Until recently, few stockholders sought appraisal. The process involved expensive litigation with costly experts required to argue for a higher price. Moreover, appraisal actions are not risk-free. The Court of Chancery is not required to use the price offered in the merger as a floor and may decide—and sometimes has—the stock's fair value is less than the merger price. The risk of an adverse ruling is particularly strong when the merger price was set high to induce stockholder acceptance and avoidance of litigation. And while post-merger interest is due on the final court award, historically that was not enough to offset the costs involved in litigating.
That economic background changed, however, when interest rates fell to almost zero on most fixed-income investments. The Delaware appraisal statute provides that the "interest [on] ... the judgment shall be compounded quarterly and shall accrue at 5 percent over the Federal Reserve discount rate" from the "date of the merger." Thus, even when the discount rate is at zero, a 5 percent compounded rate is now very favorable. In addition, several studies have noted that most appraisal valuations of formerly publicly traded companies do exceed the merger price. That return plus the favorable interest has sparked appraisal litigation.

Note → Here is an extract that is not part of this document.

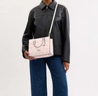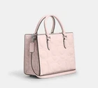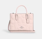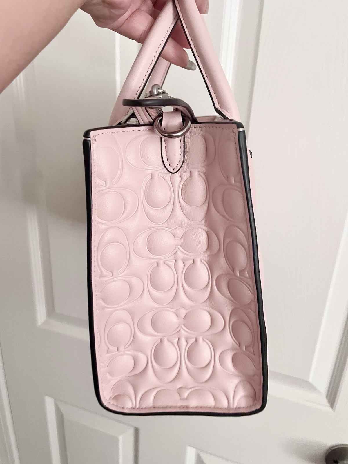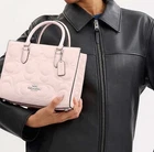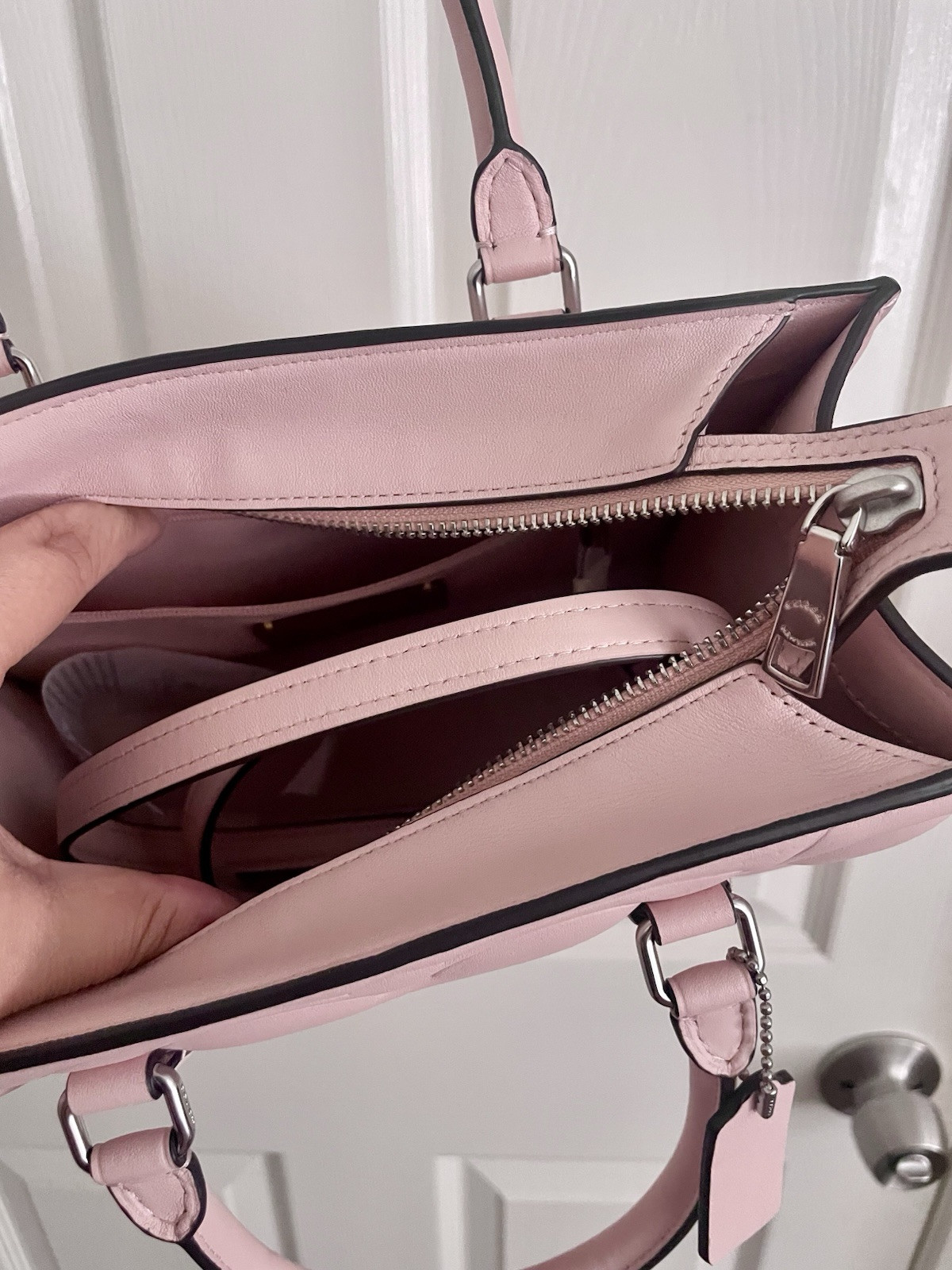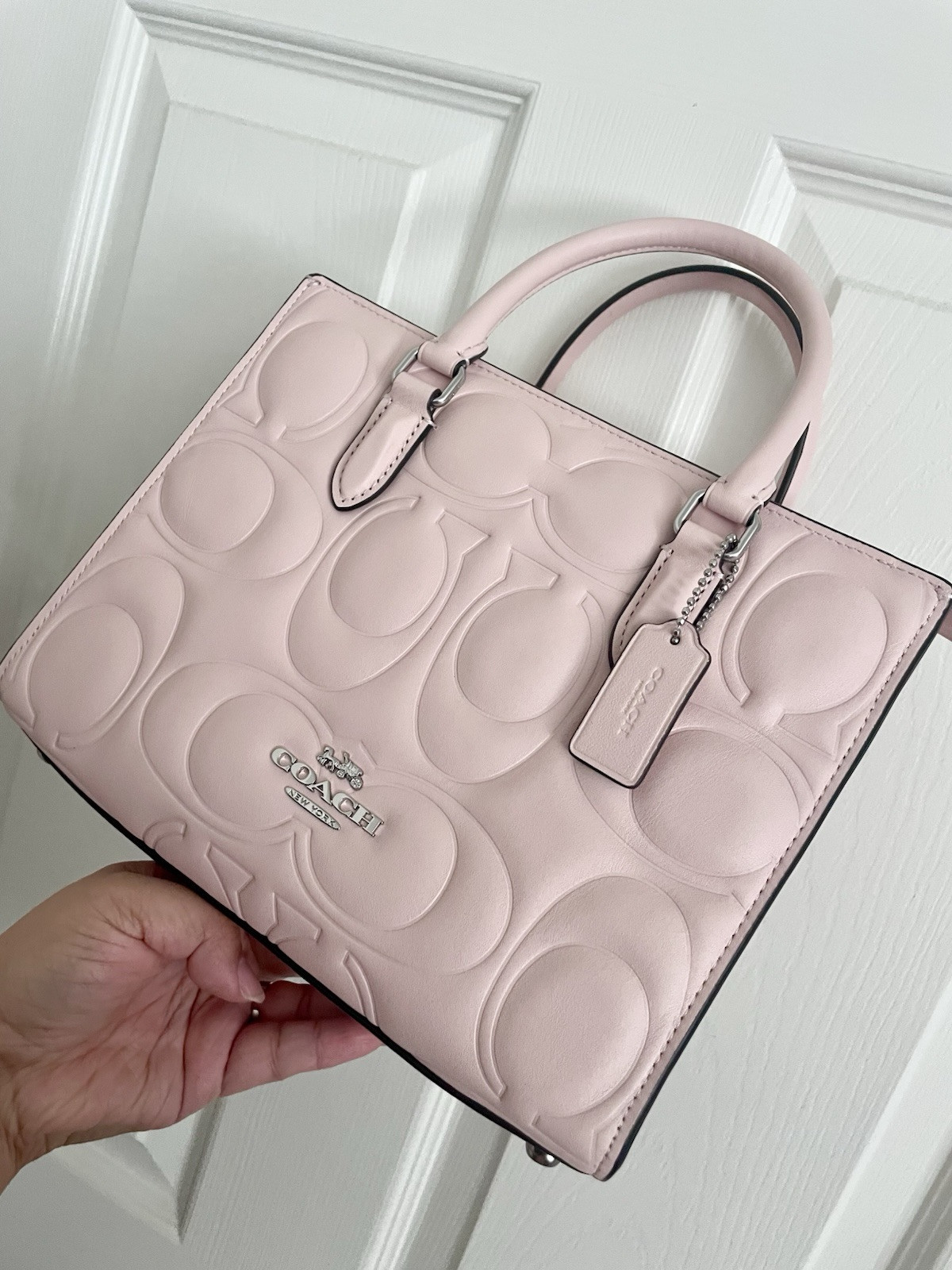 New with tag Coach Maggie Small Tote Bag In Signature Leather CY670 Silver/Blush Style Number CY670 Measurements Length: 9.75" Height: 7.5" Width: 4.5" Materials Signature smooth leather Fabric lining Handle Handles with 3.75" drop Strap Detachable strap with 22.5" drop for shoulder or crossbody wear Features Inside zip and multifunction pockets Zip-top closure Four protective feet at base Price is firm

Of course, the stockholder still needs to pay his or her lawyers to litigate the appraisal action. To justify that expense, the plaintiff needs a lot of stock. After all, the appraisal award may be just a dollar or two higher than the merger price (or even less), and the appraisal case may cost a million dollars or more to litigate. Hence, at least a few million shares may be needed to warrant filing an appraisal suit. That is where appraisal arbitrage comes into play.
The Merion decision illustrates how appraisal arbitrage works. BMC, a large software company, entered into a going-private merger agreement May 6, 2013, under which BMC shareholders would receive $46.25 per share. Merion, a hedge fund, then decided that the fair value of BMC was much higher and began buying BMC shares. Eventually, Merion acquired 7.6 million BMC shares by July 17, 2013. As is typically done, Merion asked its broker to instruct the record owner, Cede & Co., to demand appraisal. When the broker refused, Merion scrambled to have its shares registered in its name. Merion later demanded appraisal and filed its petition Sept. 13, 2013, after the BMC stockholders had voted on the merger.

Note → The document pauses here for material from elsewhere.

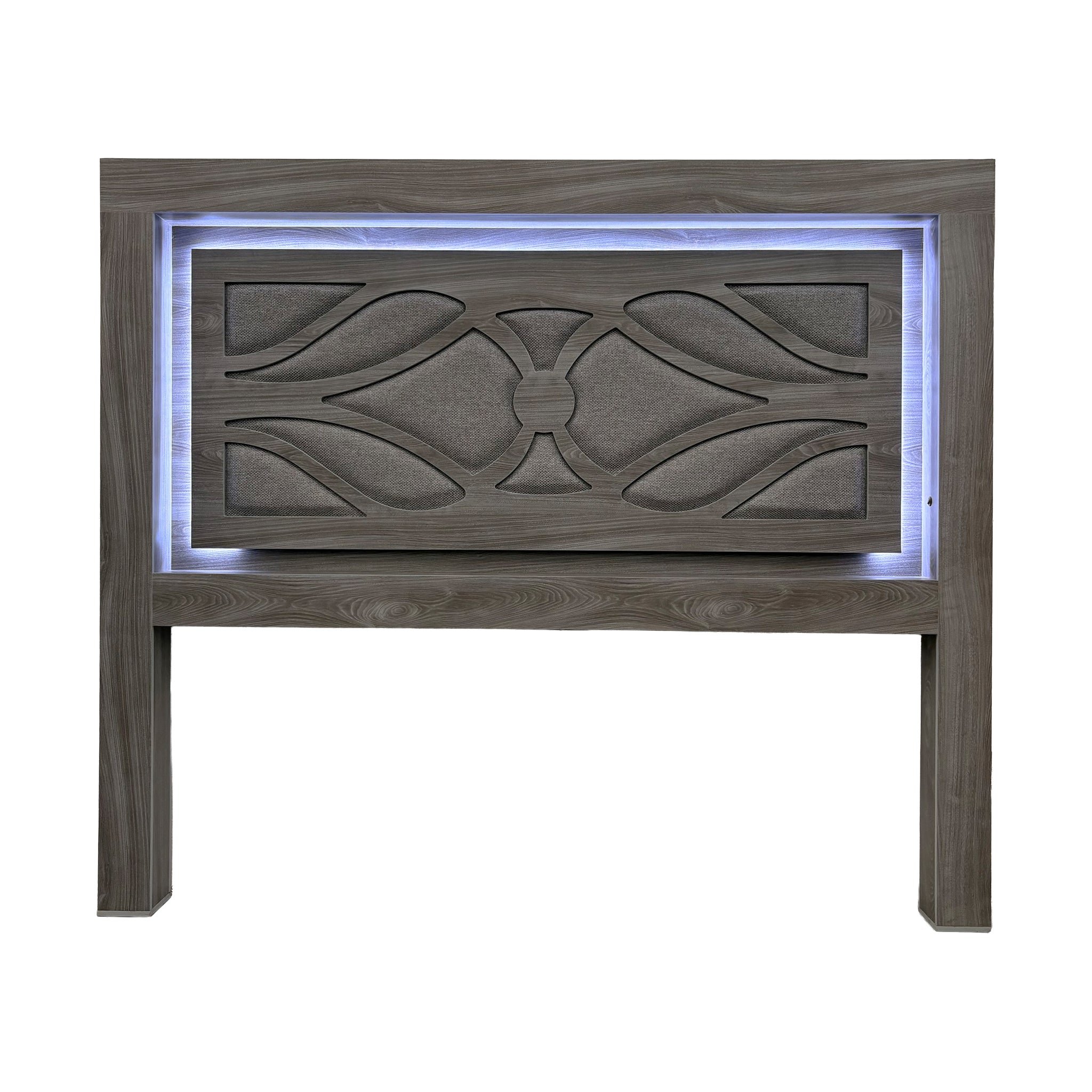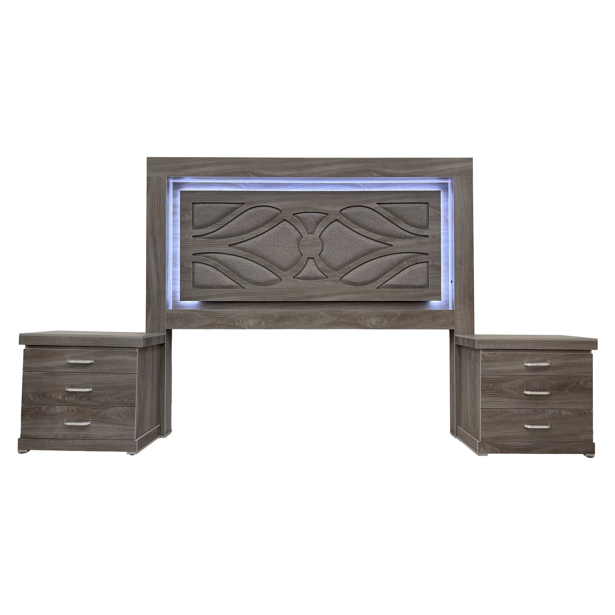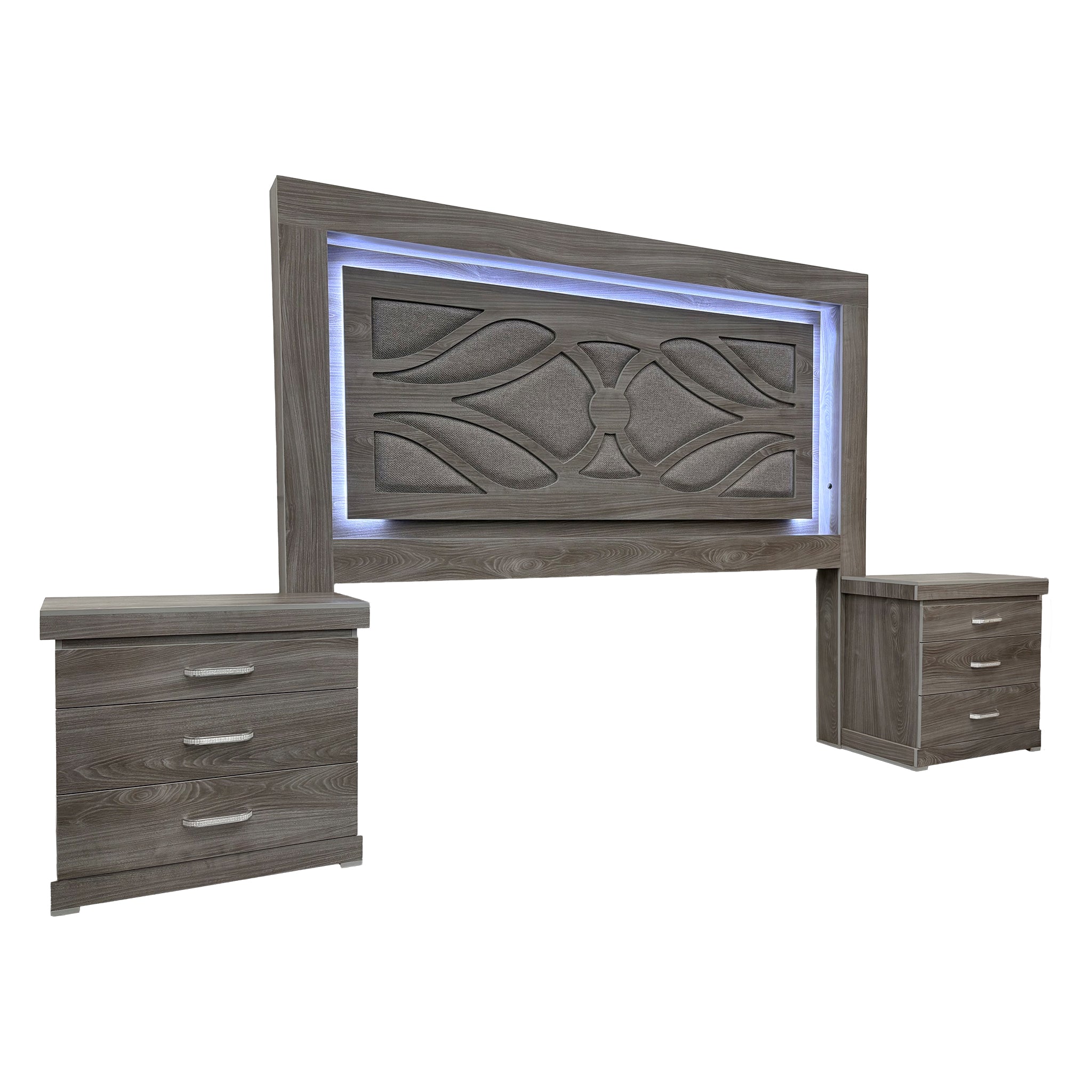 La cabecera tapizada en lino gris cuenta con iluminación integrada, creando un ambiente acogedor. Sus burós son retráctiles, y uno de ellos incluye cargador para celular, ideal para mantener tu espacio moderno y práctico.

The Delaware appraisal statute conditions the right to appraisal on not voting the shares to be appraised in favor of the merger. Merion had become a record owner too late to show how the shares it purchased had voted while held up by their prior record owner. BMC argued that Merion was unable to prove those shares had not voted in favor of the merger and therefore Merion was not qualified to file an appraisal petition.
The court held that Merion was not required to prove its newly acquired shares had not voted for the merger. The key to the decision is that almost 50 million BMC shares had not voted to approve the merger and Merion only held 7.6 million shares. Hence, it was not possible that more shares were demanding appraisal than were qualified to do so.

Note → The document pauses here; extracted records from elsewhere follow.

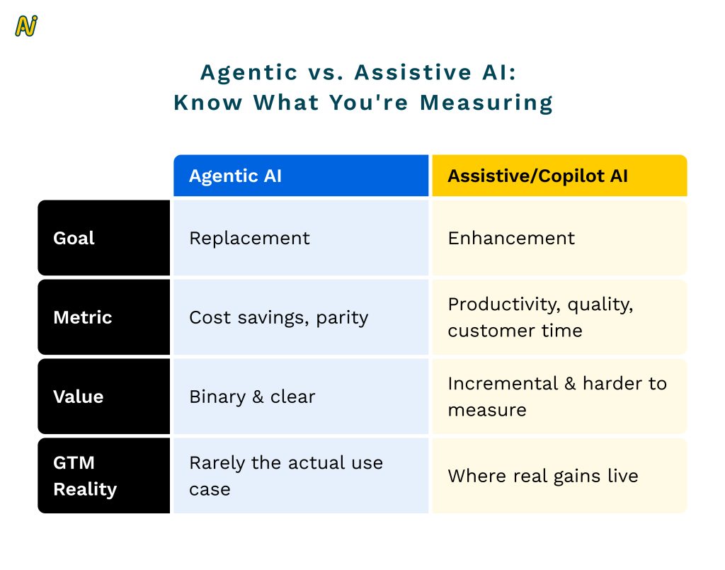 Agentic vs Copilot AI are different games: agentic is replacement (parity + cost savings), copilot is augmentation (productivity + more customer time).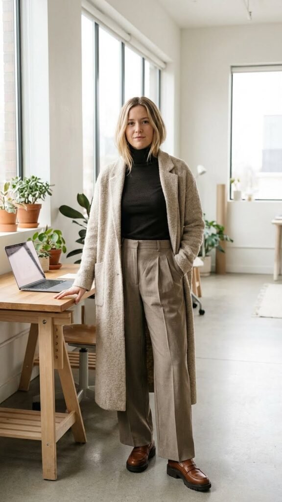 Start with a fitted turtleneck in a neutral color, add high-waisted wide-leg trousers (the kind that make that satisfying swooshing sound when you walk), and top it all off with a long cardigan coat. The cardigan coat is that perfect piece that’s warmer than a regular cardigan but more casual than a traditional coat—basically the Goldilocks of outerwear.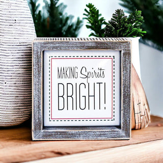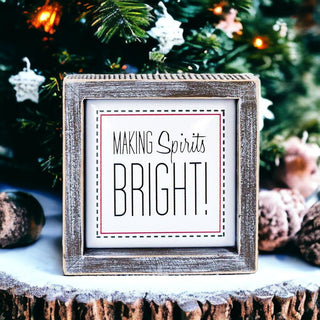 This wooden framed and Metal Embossed Sign Reads: Making Spirits Bright, with accent red border colors.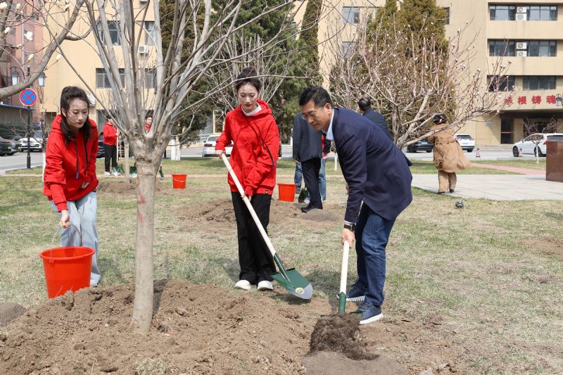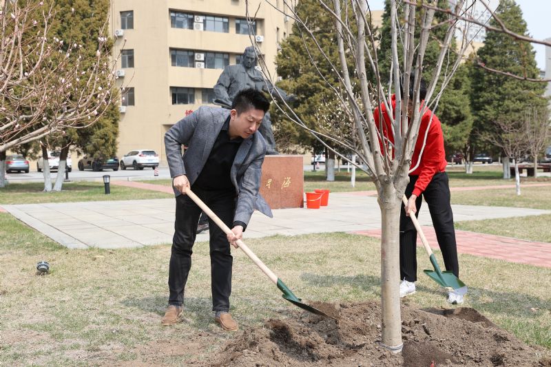 活动现场气氛热烈,大家热情高涨,干劲十足。学院领导率先垂范,在现场与同学们一起挥锹铲土、扶苗填坑、提桶浇水,师生们配合默契,到处都是忙碌的身影,呈现出一片热火朝天的劳动景象。经过大家的辛勤劳动,一株株玉兰、海棠、丁香、樱花树苗在校园里“安家落户”,迎风挺立并展现出勃勃生机,为校园增添了一抹亮丽的风景线。
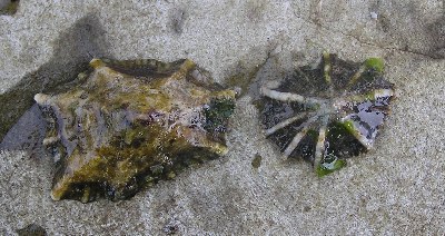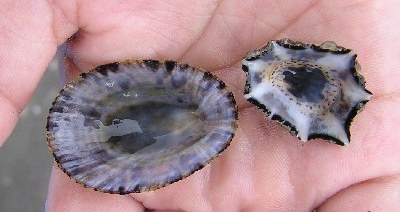 【右】ヒザラガイの貝殻です。8枚がばらばらになる前で、こんなのを見るのは珍しいです。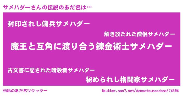 | ヒーロー風カッコイイあだ名 | 『愛の使者サメハダー』『仮面サメダー』 |

The Ancestry.com decision is similar. There, Merion (yes, the same Merion) sought appraisal for shares of Ancestry.com that it had purchased after the record date to vote on the cash-out merger. Again, Merion could not prove that the sellers of the Ancestry.com shares it purchased had not voted for the merger. The prior record owner, Cede & Co., had held at least as many shares that did not vote for the merger as Merion sought to have appraised. The court held Merion could file its own petition for appraisal of those shares.
By upholding Merion's right to appraisal under these circumstances, the Court of Chancery has made it easier for investors to do appraisal arbitrage. But the court has not removed all risk in buying stock to have it appraised when the buyer cannot show how that stock voted on the merger. For example, a plaintiff who seeks appraisal for more shares than abstained or voted no on the merger may find itself in trouble. At least the right to have all the shares appraised will be in jeopardy. While both Merion and Ancestry.com argued that arbitrageurs should buy proxies to ensure a "no" vote, it is not clear that is practical. Hence, arbitrageurs need to be cautious in how and when they acquire stock for appraisal purposes.